# Up page and down page freezes (right hand side of screen)



## slowmotion (29 Jan 2015)

It's happened a few times over the last couple of days. I try and scroll up and down a page (March 2015 FNRttC) and the up arrow and down arrows have no effect. The page locks up. I'm on Windows 7 and Outlook Express. Other CC pages in the various forums seem to work fine. 

Does anybody else have this problem?

Thank you.


----------



## ianrauk (30 Jan 2015)

Nope. Using Chrome. What browser you using?


----------



## slowmotion (1 Feb 2015)

ianrauk said:


> Nope. Using Chrome. What browser you using?


 IE8. It hasn't frozen in the last day or so so maybe it was just a random gremlin. It happened on two PCs though.


----------



## 400bhp (1 Feb 2015)

slowmotion said:


> IE8. It hasn't frozen in the last day or so so maybe it was just a random gremlin. It happened on two PCs though.



I get this when a thread is heavily laden with embedded videos. It's been like this for a few weeks.

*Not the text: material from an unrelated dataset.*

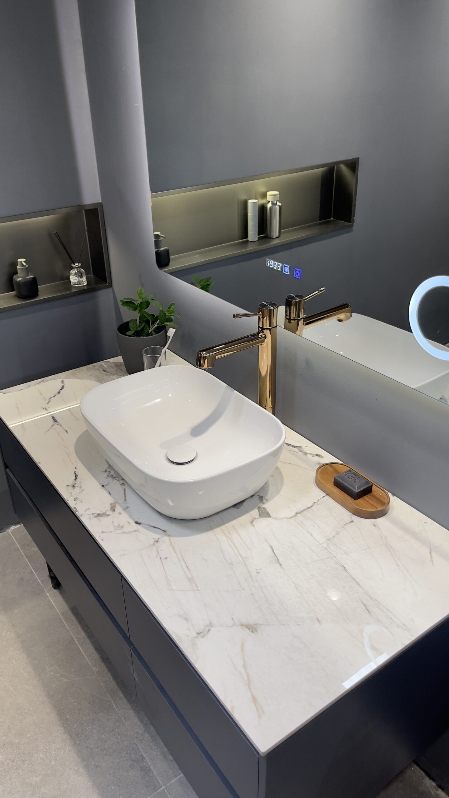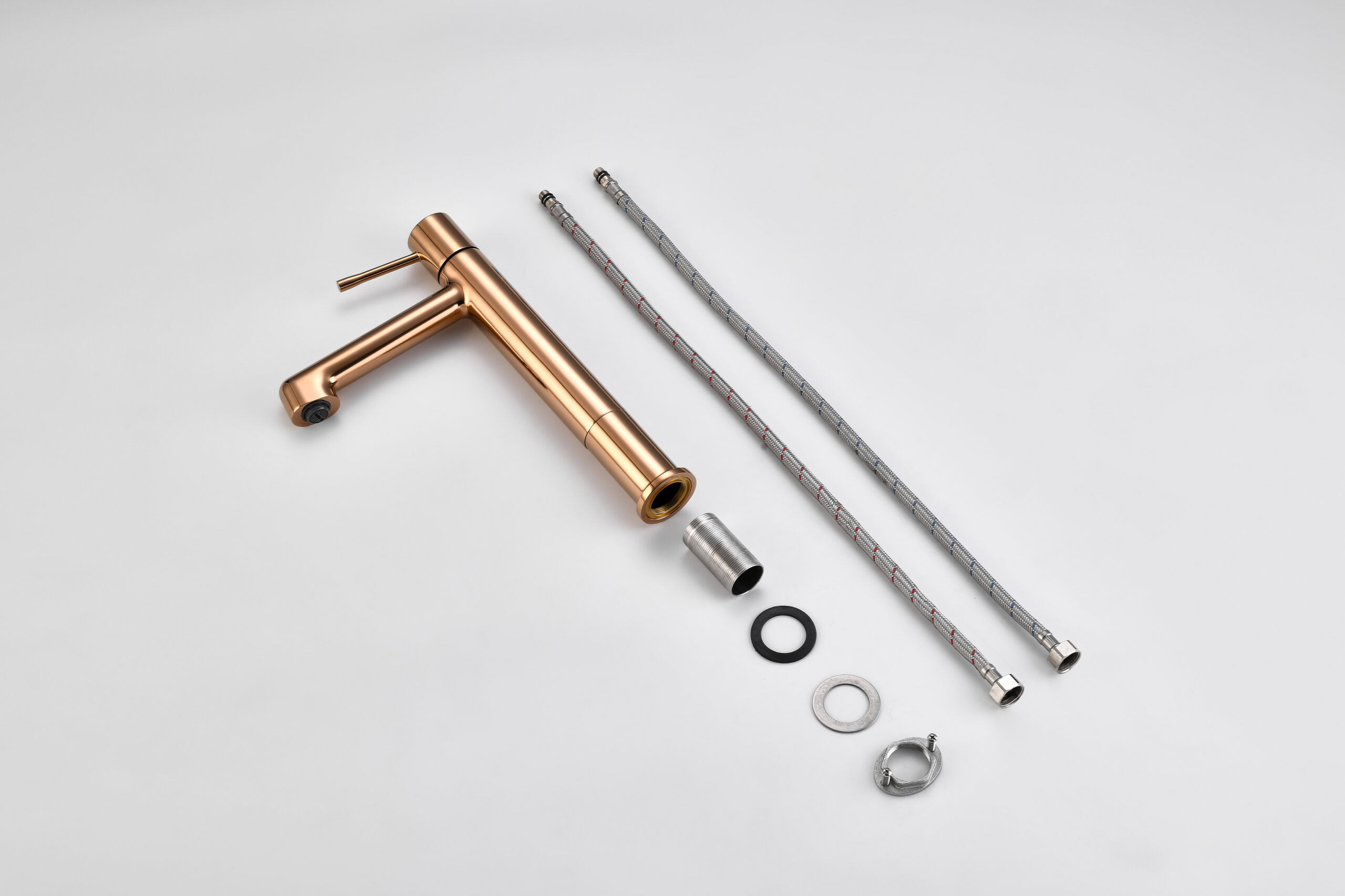 Elevate your bathroom design with this modern brushed gold tall basin faucet. Crafted from 100% solid brass, it delivers durable, safe, and corrosion-resistant performance. The elongated spout provides a broader washing area, making it ideal for vessel sinks and countertop basins.
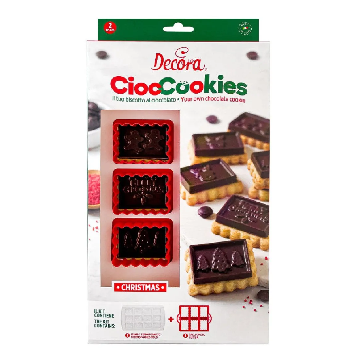 Deze 2-delige set is ideaal om makkelijk koekjes te maken met een kerst chocoladefiguurtje erop. De set bevat een plastic uitsteker met handige handgrepen, waarmee je eenvoudig de koekjesbodem maakt. Daarnaast zit er een mal bij waarmee je kerst chocolaatjes maakt die perfect op de koekjes passen.

I'm on Google Chrome & Windows 8.1.

Must look into it.


----------



## Dogtrousers (1 Feb 2015)

I get freezes on IE 11 on one particular PC (won't scroll up and down). Seems to just happen when I go to a particular post within a thread (ie the URL ends "/page-*xx*#post-*yyyyy*" I just put it down to a peculiarity of that browser on that PC.


----------